Mixture-of-Experts for Multimodal Emotion Recognition in Conversations

This paper proposes an MoE-based multimodal emotion recognition approach for conversations, simultaneously analyzing text, voice tone, and facial expressions. The MoE mechanism dynamically selects the most effective feature combinations for emotion detection.

Unlike traditional feature concatenation, MoE lets different expert networks focus on different modality combinations and emotion types. Some emotions are better expressed through tone (e.g., sarcasm), while others rely on facial expressions (e.g., surprise).

The paper achieves new SOTA results on multiple conversational emotion benchmarks, valuable for building more natural AI conversational systems that understand not just what is said, but how.

Emotion recognition in conversations is a core HCI challenge. Human emotion expression is inherently multimodal—through text, tone, rhythm, facial expressions, and body language.

Method

Three independent encoders: BERT for text, WavLM for audio, Vision Transformer for facial expressions. MoE layer dynamically fuses features from all three modalities.

MoE Fusion

8 expert networks learning different modality combination patterns. Gating network dynamically selects 2-3 most relevant experts. More efficient than feature concatenation since different emotions express differently across modalities.

Results

New SOTA on IEMOCAP (+2.3% weighted F1), MELD (+1.8%), with key improvements in sarcasm and masked negative emotions.

Industry Trend Connection

Important Multimodal AI advance in emotion understanding. For Agentic AI, understanding user emotions helps Agents adjust interaction strategies. MoE architecture aligns with Self-Improving AI through dynamic expert selection for efficient inference.

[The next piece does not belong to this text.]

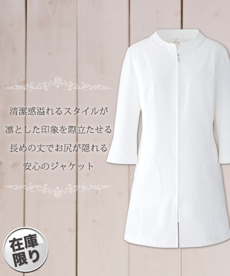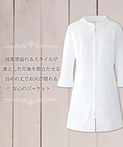 すっきりしたスタンドカラーと清潔感溢れるスタイルで凛とした女性を演出。

In-Depth Analysis and Industry Outlook

From a broader perspective, this development reflects the accelerating trend of AI technology transitioning from laboratories to industrial applications. Industry analysts widely agree that 2026 will be a pivotal year for AI commercialization. On the technical front, large model inference efficiency continues to improve while deployment costs decline, enabling more SMEs to access advanced AI capabilities. On the market front, enterprise expectations for AI investment returns are shifting from long-term strategic value to short-term quantifiable gains.

However, the rapid proliferation of AI also brings new challenges: increasing complexity of data privacy protection, growing demands for AI decision transparency, and difficulties in cross-border AI governance coordination. Regulatory authorities across multiple countries are closely monitoring these developments, attempting to balance innovation promotion with risk prevention. For investors, identifying AI companies with truly sustainable competitive advantages has become increasingly critical as the market transitions from hype to value validation.

From a supply chain perspective, the upstream infrastructure layer is experiencing consolidation and restructuring, with leading companies expanding competitive barriers through vertical integration. The midstream platform layer sees a flourishing open-source ecosystem that lowers barriers to AI application development. The downstream application layer shows accelerating AI penetration across traditional industries including finance, healthcare, education, and manufacturing.